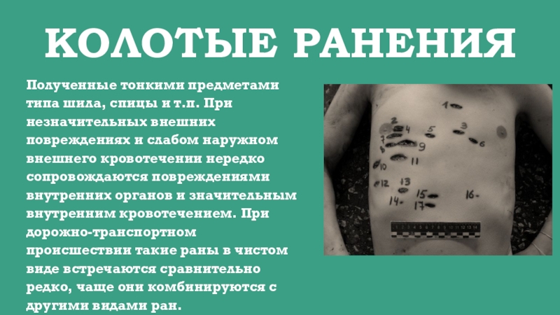 внешних повреждениях и слабом наружном внешнего кровотечении нередко сопровождаются повреждениями внутренних органов и значительным внутренним кровотечением. При дорожно-транспортном происшествии такие раны в чистом виде встречаются сравнительно редко, чаще они комбинируются с другими видами ран.
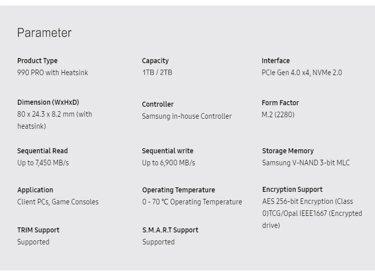 Comprar SAMSUNG 990 PRO con disipador de calor SSD 1TB 2TB 4TB PCIe Gen 4.0x4 Unidad de estado sólido NVMe 2.0 M.2 2280 SSD interno para computadora portátil de escritorio
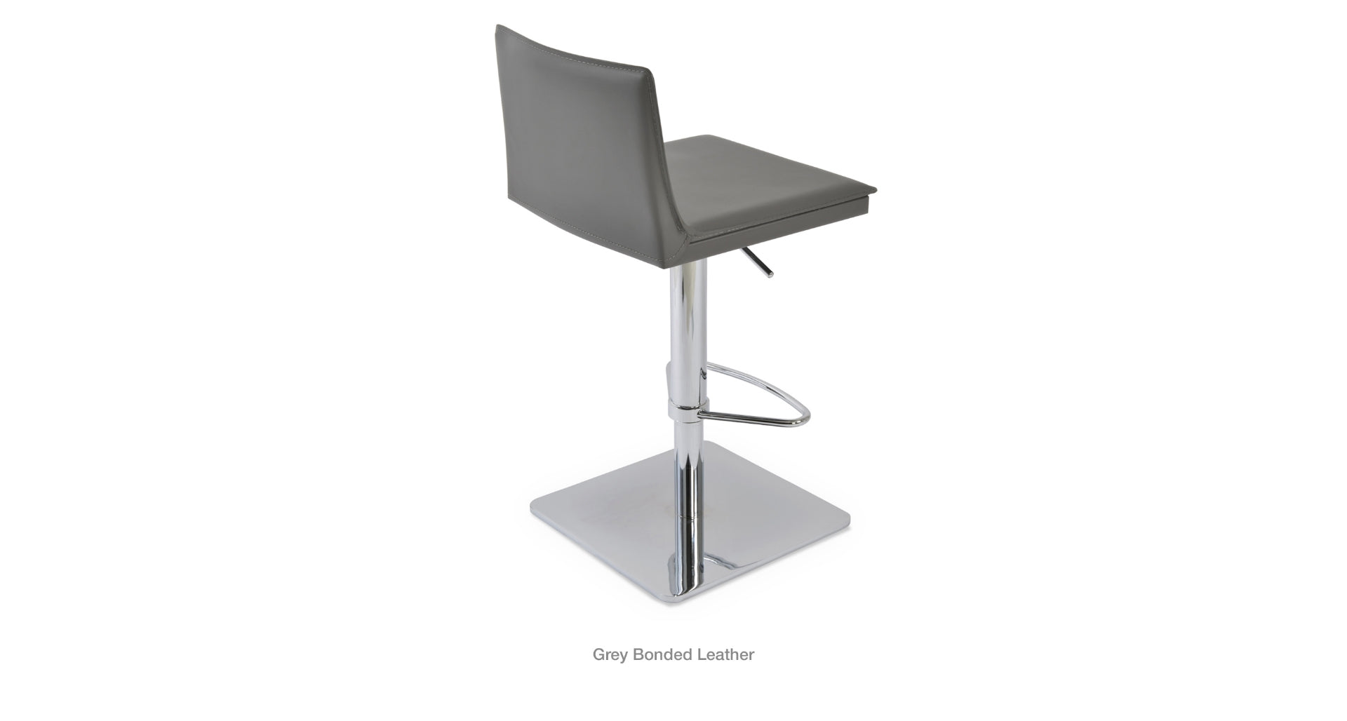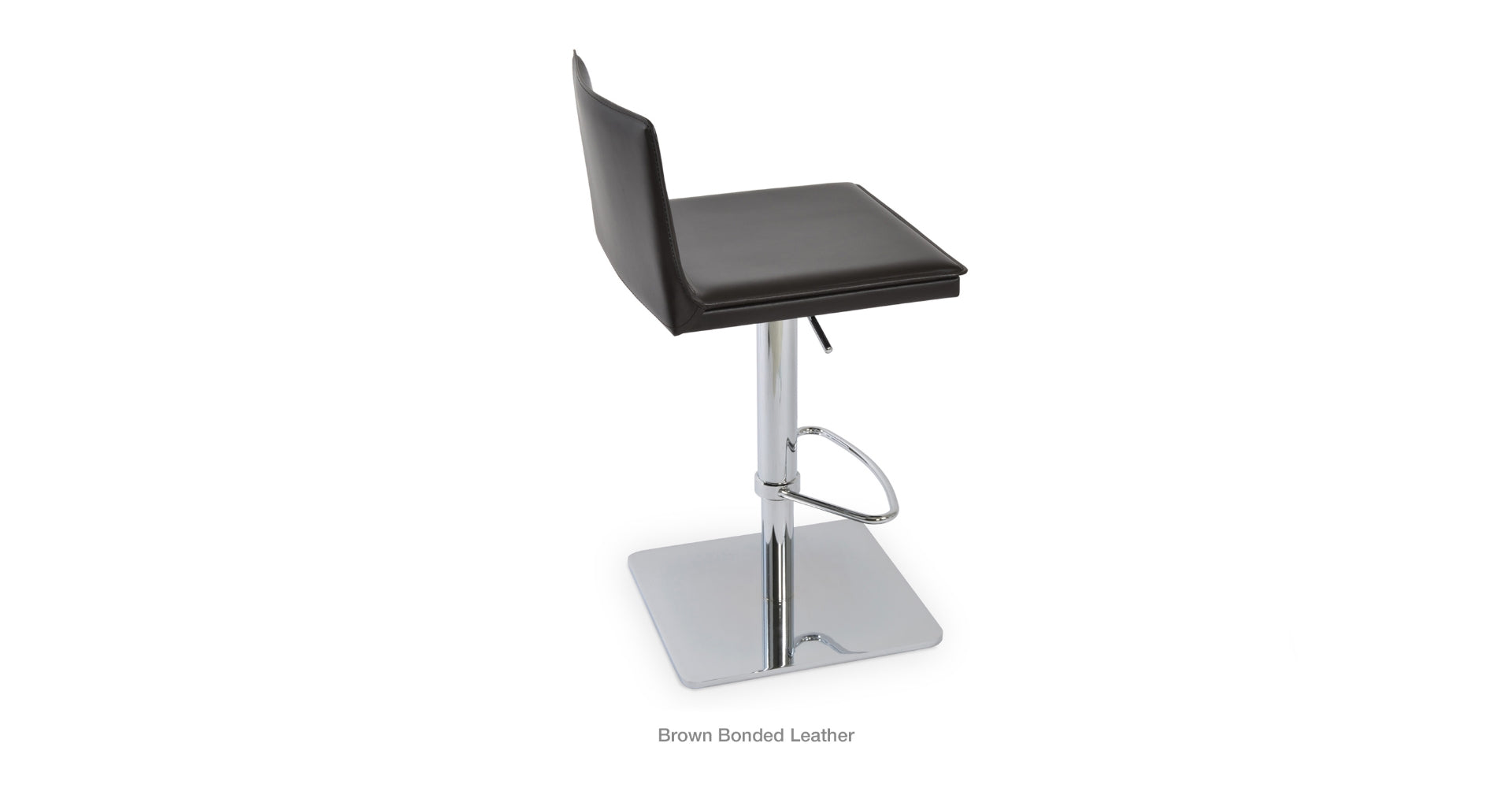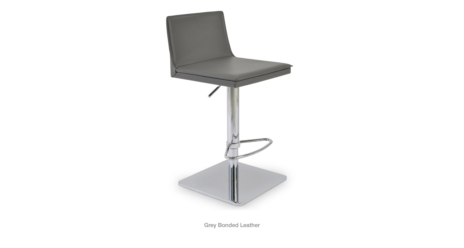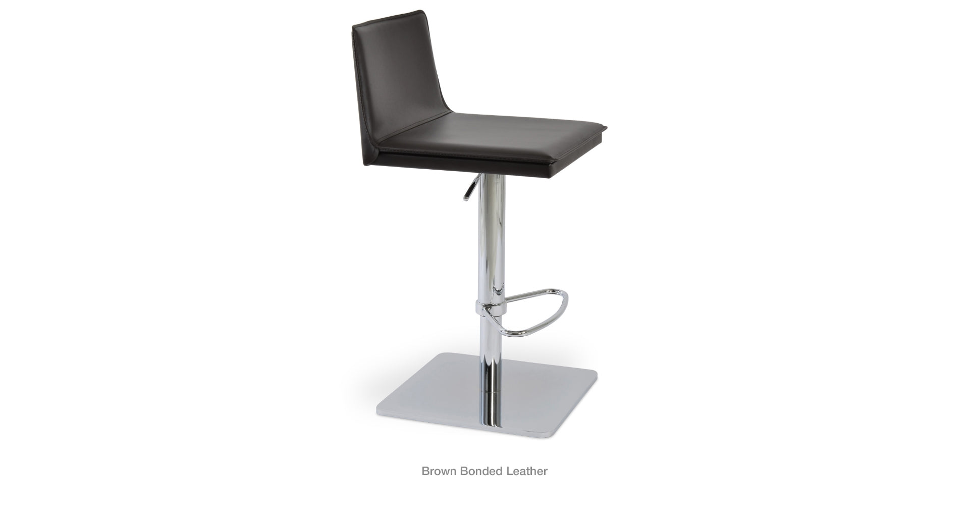 Tiffany piston is a contemporary stool with a comfortable upholstered seat and backrest on an adjustable gas piston base which swivels and also adjusts easily from a counter height to a bar height with a lever that activates the gas piston mechanism. The solid steel square base is available in polished and brushed stainless steel. The stool has a slightly padded seat and chromed steel footrests. The seat is upholstered with regenerated leather only. The stool is suitable for both residential and commercial use.

__Work required__
Whenever images occur above, omit them and retype each line exactly as it stands.

__Response below__
 внешних повреждениях и слабом наружном внешнего кровотечении нередко сопровождаются повреждениями внутренних органов и значительным внутренним кровотечением. При дорожно-транспортном происшествии такие раны в чистом виде встречаются сравнительно редко, чаще они комбинируются с другими видами ран.
 Comprar SAMSUNG 990 PRO con disipador de calor SSD 1TB 2TB 4TB PCIe Gen 4.0x4 Unidad de estado sólido NVMe 2.0 M.2 2280 SSD interno para computadora portátil de escritorio
 Tiffany piston is a contemporary stool with a comfortable upholstered seat and backrest on an adjustable gas piston base which swivels and also adjusts easily from a counter height to a bar height with a lever that activates the gas piston mechanism. The solid steel square base is available in polished and brushed stainless steel. The stool has a slightly padded seat and chromed steel footrests. The seat is upholstered with regenerated leather only. The stool is suitable for both residential and commercial use.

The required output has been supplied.